The Virginian-Pilot
                             THE VIRGINIAN-PILOT 
              Copyright (c) 1996, Landmark Communications, Inc.

DATE: Tuesday, June 4, 1996                 TAG: 9606040353
SECTION: LOCAL                   PAGE: B3   EDITION: FINAL 
SOURCE: BY PHILIP WALZER, STAFF WRITER 
DATELINE: NORFOLK                           LENGTH:   71 lines

LOSS OF PART-TIME STUDENTS DROPS NSU ENROLLMENT 6.2% BUT THE DECREASE DOESN'T AFFECT THE SCHOOL'S FUNDING OR TOTAL CREDIT HOURS.

Norfolk State University faced the biggest enrollment decline of Virginia's state-supported four-year schools last fall, says a state report released Monday.

NSU's enrollment dropped 6.2 percent, from 8,667 in the fall of 1995 to 8,129 last fall, according to the report, from the State Council of Higher Education.

But in terms of total credit hours, Norfolk State's enrollment hardly dropped at all.

The state calculates ``full-time equivalent,'' or FTE, enrollment by totaling all credit hours logged at a college and determining how many full-time students that would make up. Using that measure, Norfolk State declined less than 1 percent, from 7,618 to 7,586.

State officials explained the variance in numbers this way: Nearly all the students Norfolk State lost last fall were not full-time students, but part-timers, who take only a course or two. That's why the FTE total - which is used to determine funding - hardly changed.

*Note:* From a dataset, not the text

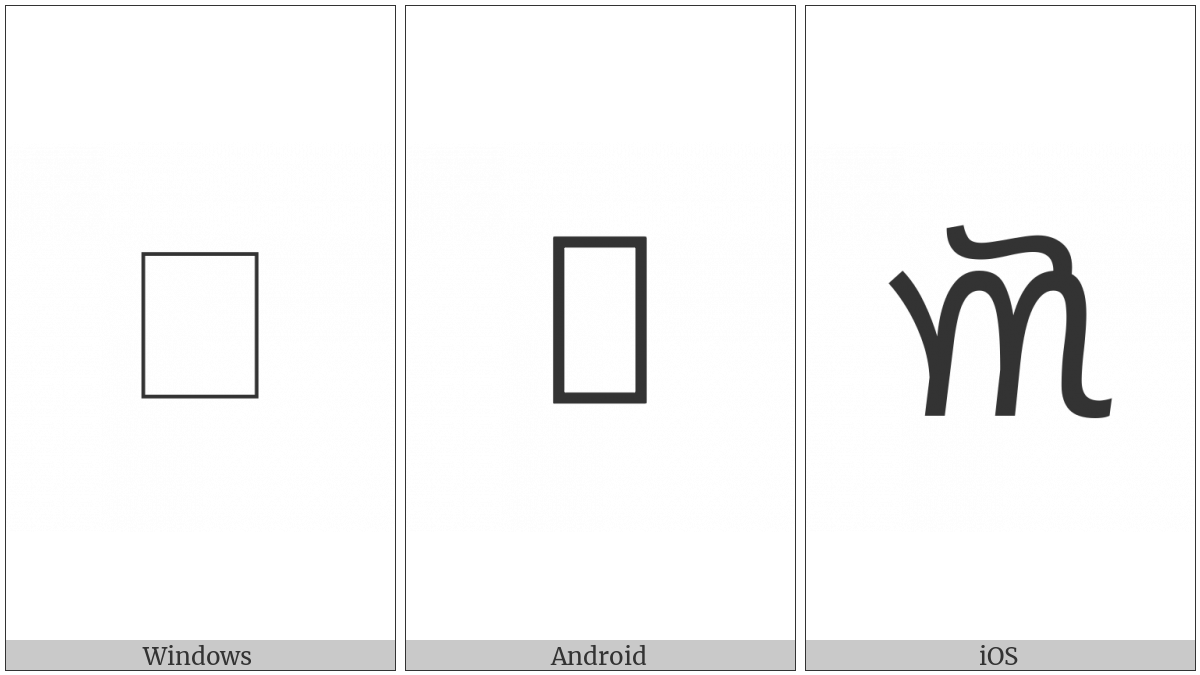 The image below shows how the “Khudawadi Letter O” symbol might look like on different operating systems. If the font in which this web site is displayed does not contain the symbol and there is no fallback font able to render it, you can use the image below to get an idea of what it should look like.

And that means that the overall enrollment decline isn't a major problem, Virginia and Norfolk State officials said Monday.

The drop ``wasn't that serious because it didn't affect the FTE (statistics) as much,'' said Maxine Allen, NSU's associate vice president for academic affairs and director of institutional research.

Most of the decline resulted from a decision by some local school systems to drop contracts with NSU to provide recertification courses for teachers, Allen said. ``With the budget problems the school systems were having, they were unable to fund those activities,'' she said.

Allen said she did not have a list of all the school systems that had dropped the contracts, but they included Virginia Beach.

Total enrollment at Virginia's state-supported four-year and two-year colleges held steady, at 293,000. George Mason University registered the biggest gain - an 11.0 percent jump, from 21,774 to 24,172. ODU ranked third, behind James Madison University, with a 3.6 percent increase, from 16,490 to 17,077.

In terms of full-time equivalent students, George Mason also came out on top, with a 5.3 percent increase. Old Dominion was second, at 4.6 percent.

Also during its meeting, the state council:

Approved six ``performance measures'' by which to track the state's colleges. They will be: graduation rates, transfer rates, employment and satisfaction rates of alumni, percentage of budget used for instruction, percentage of state management standards met, and the percentage of time classrooms are used.

In the next year, each college will be asked to collect the data and determine goals for future years. The targets will vary from school to school. The schools' progress in meeting those goals could affect their state funding, said state budget director Robert W. Lauterberg, who is coordinating the project with the state council.

Lauterberg said officials are also working on a seventh indicator - measuring the sensitive subject of faculty productivity - but that hasn't been ironed out.

Learned that tuition and fees for in-state undergraduates at four-year schools will go up just 1.3 percent in the fall, the smallest increase this decade. The annual average in Virginia is increasing from $3,949 to $4,002.

During the winter, Allen and the General Assembly approved a two-year tuition freeze for undergraduates from Virginia. The freeze, however, does not apply to fees such as student activity charges.

By reining in charges, the state should drop next year in nationwide rankings of college costs, said Dan Hix, the state council's senior finance coordinator: Virginia should fall from the eighth to 11th most expensive state for major research universities and from second to sixth for other universities.